Community Facilities Program
The U.S Department of Agriculture offers the Community Facilities Loan Program (CF) through its Rural Development office. The program provides direct loans, and it guarantees loans made by eligible lenders. Its primary purpose is to create and maintain employment and improve the economic and environmental climate in rural communities. There is no minimum or maximum loan amount.
HOW IT WORKS
CF loan guarantees cannot be issued prior to construction completion. The CF program is effectively a permanent debt funding mechanism rather than a construction funding mechanism.
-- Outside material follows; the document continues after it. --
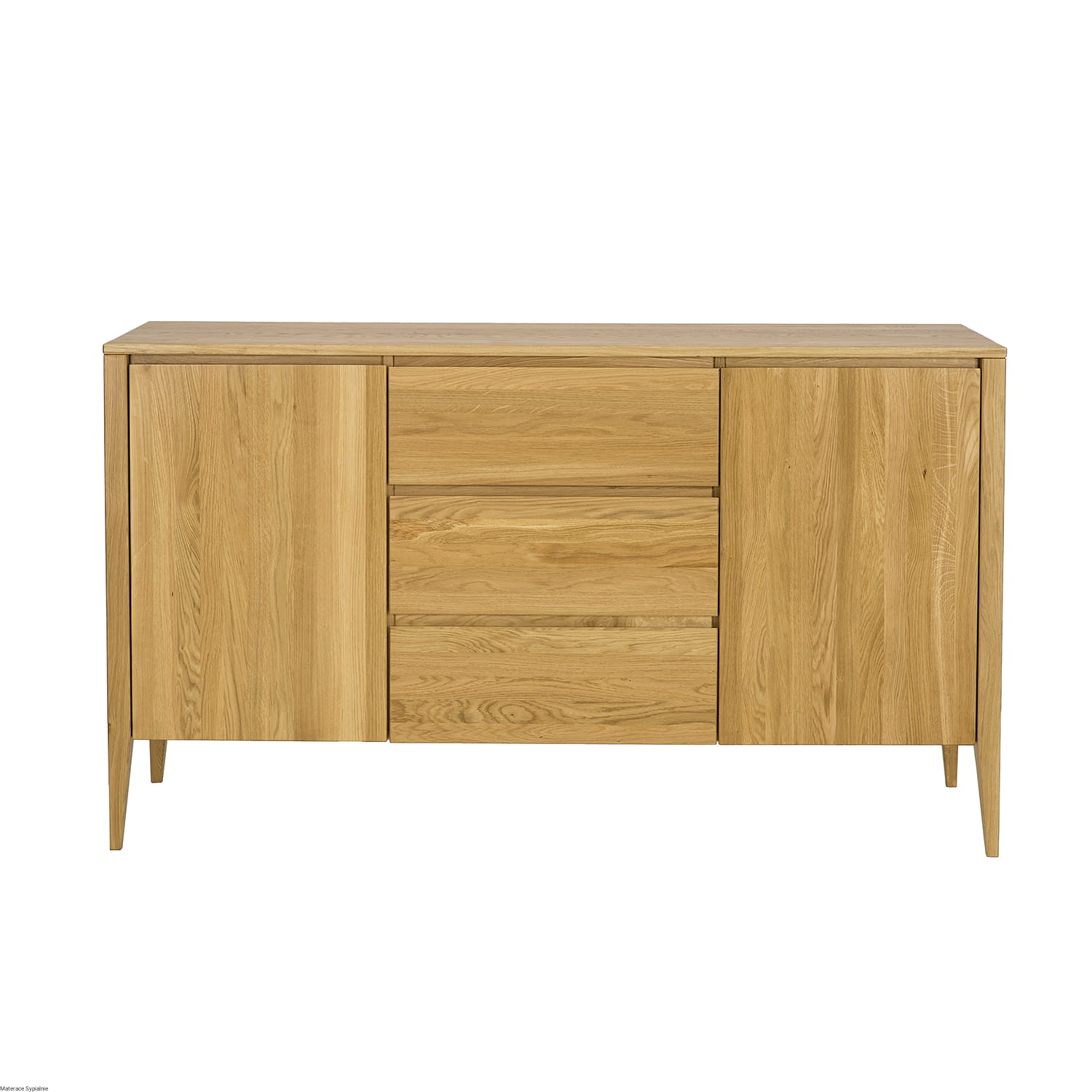 Dębowa komoda KD330 to nowość z kolekcji Retro. To jeden z tych mebli, który przyciąga wzrok już od progu. Jest połączeniem nowoczesności z nutą stylu vintage. Prostą, masywną bryłę mebla osadzono na wysokich nóżkach, co dodało lekkości całej konstrukcji. Piękne bukowe fronty szuflad oraz szafek zdobią subtelne, wycięte w drewnie uchwyty, tworzące nowoczesny system otwierania i zamykania. Całości dopełnia duży, drewniany blat, który posłuży do eksponowania rodzinnych zdjęć lub pamiątek.

While bank loans can provide construction funding, pricing can be high without a loan guarantee, and a bank’s capacity to fund a loan can be limited by legal and internal lending limits.
- CF can be used to build or substantially rehabilitate nonprofit healthcare facilities in rural areas (up to a population of 20,000).
- CF can provide loan guarantees for refinances, so long as the loan includes new money and the refinance portion totals no more than 50% of the total transaction.
CF funding terms are ultimately driven by the project’s funding participants, but the following terms generally apply:
Up to 90% for all projects.
- Floating (quarterly reset is maximum reset frequency).
- Interest rates determined by market conditions.
- Reflective of useful life of encumbered asset.
- Up to 40 years.
Underwriter: Lument, a licensed investment bank, structures and underwrites Bond Anticipation Notes (BANs) to fund construction. Lument sells these short-term debt securities to the institutional bond market. The BANs are taken out by the CF loan after construction.
Guaranteed Lender: Lument securitizes and sells the guaranteed portion of the CF loan to institutional investors, thereby accessing the pricing and term efficiencies of the broader capital markets.
Non-guaranteed Placement Agent: USDA requires that a qualified USDA lender retain the 10% of the loan that is non-guaranteed. Lument competitively markets the nonguaranteed piece to USDA-eligible banks and secures the non-guaranteed lender.
In its prequalifying review, Lument will attempt to estimate both the loan amount and the fees and costs associated with the transaction. Actual loan amounts and actual fees and expenses may vary from the prequalifying estimates. A prequalifying estimate is not a commitment to make a loan.